The scientists then noticed that the AA365-425 region of the EBNA1 protein is structurally quite similar to a part of a human protein called GlialCAM. The GlialCAM protein is expressed by certain cells in the brain, including notably oligodendrocytes — the cells chiefly responsible for producing myelin, the fatty sheath around nerve fibers that is the target of the autoimmune attack in MS.

Tests showed that the mAb MS39p2w174 antibody was able to bind to GlialCAM in a similar manner to how it binds to the viral EBNA1 protein. But the two antibody regions that were important for binding to GlialCAM had been altered via SHM: The germline antibody (that is, prior to undergoing SHM) was able to bind to EBNA1, but had little affinity for GlialCAM.

Further testing of the remaining 147 antibodies revealed 10 antibodies from seven patients that bound to the same region of GlialCAM, plus seven antibodies from four patients that bound to other regions of the protein.

The team then looked at blood samples from 36 MS patients and 20 people without MS (controls). While most people had antibodies against EBNA1 — consistent with the widespread prevalence of EBV — MS patients had markedly higher levels of antibodies that targeted GlialCAM.

Additional analyses of two independent groups — one with 71 MS patients and 50 controls, another with 67 patients and 31 controls — also found higher levels of antibodies that target GlialCAM in MS patients.

Finally, the scientists conducted a series of experiments using mice with experimental autoimmune encephalitis, a model frequently used to study MS. The team found that injecting the mice with EBNA1 (to trigger an immune response against the protein) markedly worsened myelin loss and increased immune cell levels in the brain, indicating a worsening of MS-like disease. Additionally, mice immunized with EBNA1 “generated robust antibody responses to both [EBNA1] and GlialCAM,” the researchers reported.

Putting it all together

From all these data, the researchers constructed a conceptual model for how EBV might spur the development of MS.

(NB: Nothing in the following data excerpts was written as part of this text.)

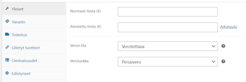 Tälle välilehdelle annetaan tuotteen hinta- sekä verotustiedot. Normaali hinta tulee asettaa aina, alennettua hintaa käytetään silloin kun tuote asetetaan alennusmyyntiin.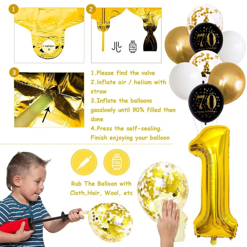 🎈 Inflatable: Air or helium. Large quantity of latex black and gold 70th birthday balloons for men set are perfect for creating a stunning balloon arch kit, balloon garland, or balloon bouquet. You can mix and match the number to create a unique and personalized look that matches your event's theme.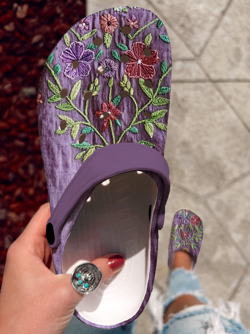 Vintage Ethnic Floral Art Print Casual Hole Slippers

First, patrolling B-cells would come in contact with the infecting virus, and some B-cells with antibodies that target the EBNA1 protein would become activated. In the course of activating, these cells undergo SHM, which could inadvertently increase the antibody’s ability to target GlialCAM.

The antibodies then bind to GlialCAM that is expressed by healthy cells in the nervous system, which triggers the immune system to attack — ultimately leading to the development of an autoimmune disease.

“Until now, we didn’t have a step-by-step account of how this drives the immune system to attack a person’s own myelin sheath. This new research fills in those gaps and provides clarity into how EBV infection can cause MS,” Steinman said.

The results imply that targeting EBV infections might be a useful strategy for treating MS — and indeed, Steinman noted, this idea is already being explored. For example, Atara Biotherapeutics is sponsoring a Phase 2 clinical trial called EMBOLD (NCT03283826) to test ATA188, an experimental therapy that aims to kill EBV-infected cells in progressive forms of MS.

“These new data further link MS to EBV-infected B cells and plasma cells, highlighting the role of EBV antigens, including EBNA1 protein, in the development of the disease,” said AJ Joshi, MD, Atara’s chief medical officer.

“Importantly ATA188, Atara’s investigational MS therapy, targets key epitopes of these antigens, including EBNA1, with the hope of ultimately delivering a new treatment option for the millions of people currently living with MS,” Joshi added. “The actively enrolling Phase 2 EMBOLD study, with a formal interim analysis planned for [the second quarter of] this year, will be a major step toward that direction.”